Credit Suisse CEO Resisted Pressure to `Destroy' Investment Bank

Credit Suisse CEO Thiam Unveils Reorganization Strategy
  • Thiam says it's `important' to be `strong' in investment bank
  • Says he was `very harsh' during the review of the group

Credit Suisse Group AG Chief Executive Officer Tidjane Thiam said he “resisted calls to destroy the investment bank” as Switzerland’s second-largest lender seeks to focus on wealth management.

It’s “important for us to be strong in the investment bank,” Thiam, 53, said at a conference in London Tuesday, without elaborating on who added pressure regarding the securities unit. The business needs to perform “particularly in equities, because that’s where we can reap in emerging markets,” he said, adding he had been “very harsh” during an assessment of the group.

Credit Suisse said last month it will separate trading from its underwriting and advisory businesses and eliminate as many as 2,000 positions in London. Thiam joins counterparts at Deutsche Bank AG, Barclays Plc and UBS Group AG in pulling back from selective trading operations as regulators force lenders across Europe to increase funds they hold as protection against possible losses.

‘Choices Validated’

At Swiss rival UBS, led by Sergio Ermotti, the investment bank on Tuesday reported a pretax profit of 496 million Swiss francs ($502 million) in the third quarter, compared with a loss of 1.3 billion francs in the year-earlier period. That beat the 330 million-franc estimate of eight analysts surveyed by Bloomberg.

“I think it validated some of the choices we’ve just made not to cut the investment bank,” Thiam said, referring to UBS’s results. Still, “wealth management is my passion. Why do I want to be in wealth management? Because the world is getting wealthier.”

Standard Chartered Plc on Tuesday also said it plans to boost assets under management at the private banking and wealth management by $25 billion by 2018, with CEO Bill Winters targeting a return on equity, a measure of profitability, of 10 percent. Barclays said last week it’s looking to reach a ROE of 11 percent in 2016, down from 12 percent, while UBS on Tuesday pushed back its target for a third time in two years.

‘Death Spiral’

Thiam, who joined from U.K. insurer Prudential Plc to replace Brady Dougan, said last month that he won’t provide a profitability target because only a “fool” would commit to something that can’t be controlled. On Tuesday, he echoed his previous remarks, saying such a move wouldn’t be “prudent” and that he’s got a “chance to start afresh.”

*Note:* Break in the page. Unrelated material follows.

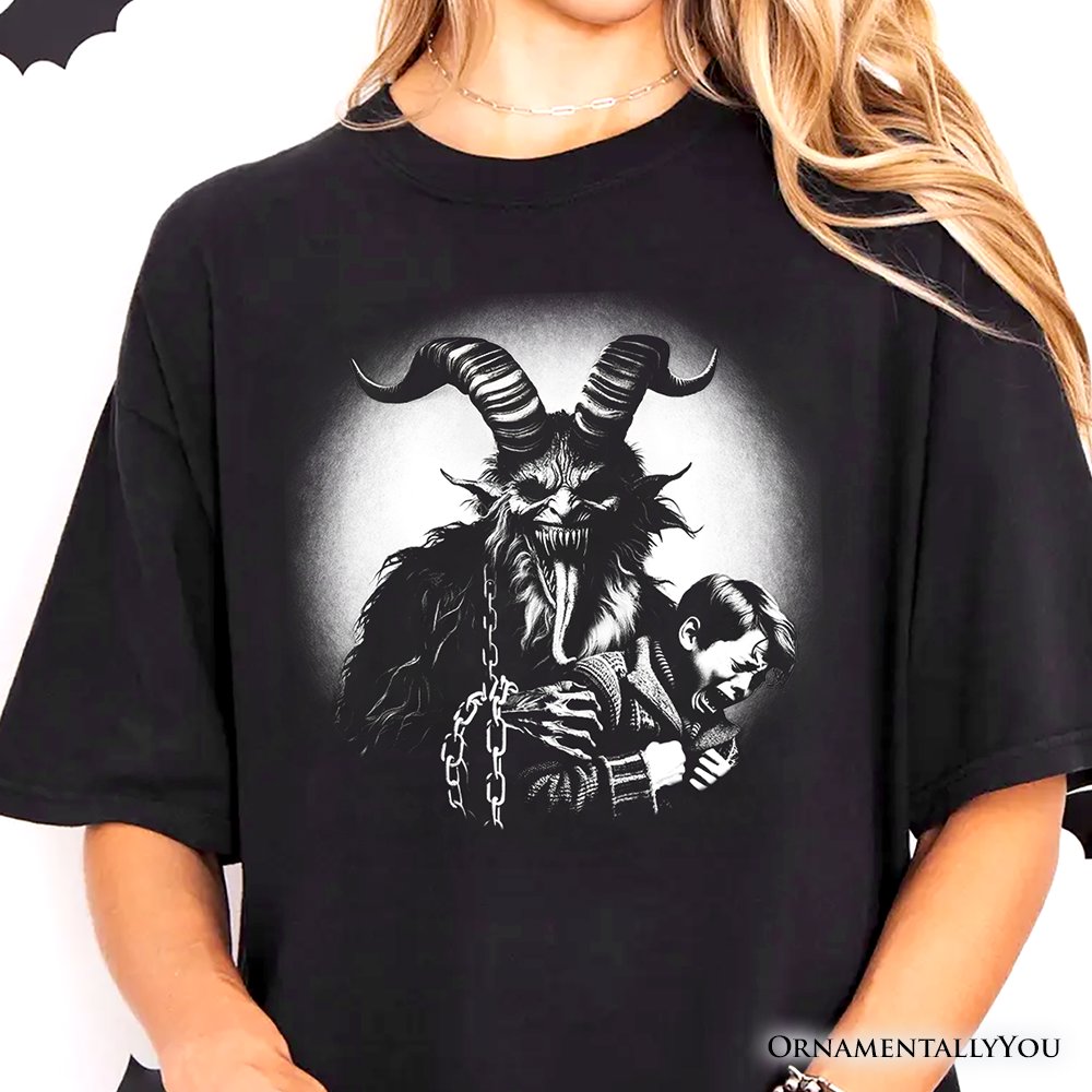 Embrace the dark side of Halloween with this chilling Krampus t-shirt, featuring a sinister horror villain design perfect for fans of creepy folklore and gothic style. 🖤👹 Crafted for comfort with soft, breathable fabric, this spooky tee is ideal for haunted parties, Halloween nights, or adding a bold statement to your everyday wardrobe. Pair it with jeans or layered under jackets to turn heads and spark conversations. Perfect for horror enthusiasts, gothic collectors, and anyone seeking a unique, eye-catching Halloween outfit. 🎃🩸

“I won’t mention specific institutions but they’ve either missed them or postponed them,” he said. “Your revenues keep going down so you cut your costs because you’re under pressure. But you’re not very good at cutting fixed costs so your profit goes down faster than your revenue -- then the market yells at you and you cut again and that’s what I call a death spiral.”

Credit Suisse shares have dropped about 3.2 percent this year, while UBS is up 11 percent. Barclays, Credit Suisse, Deutsche Bank and Standard Chartered have all appointed new CEOs this year.

(Corrects target for assets under management in story published on Nov. 3.)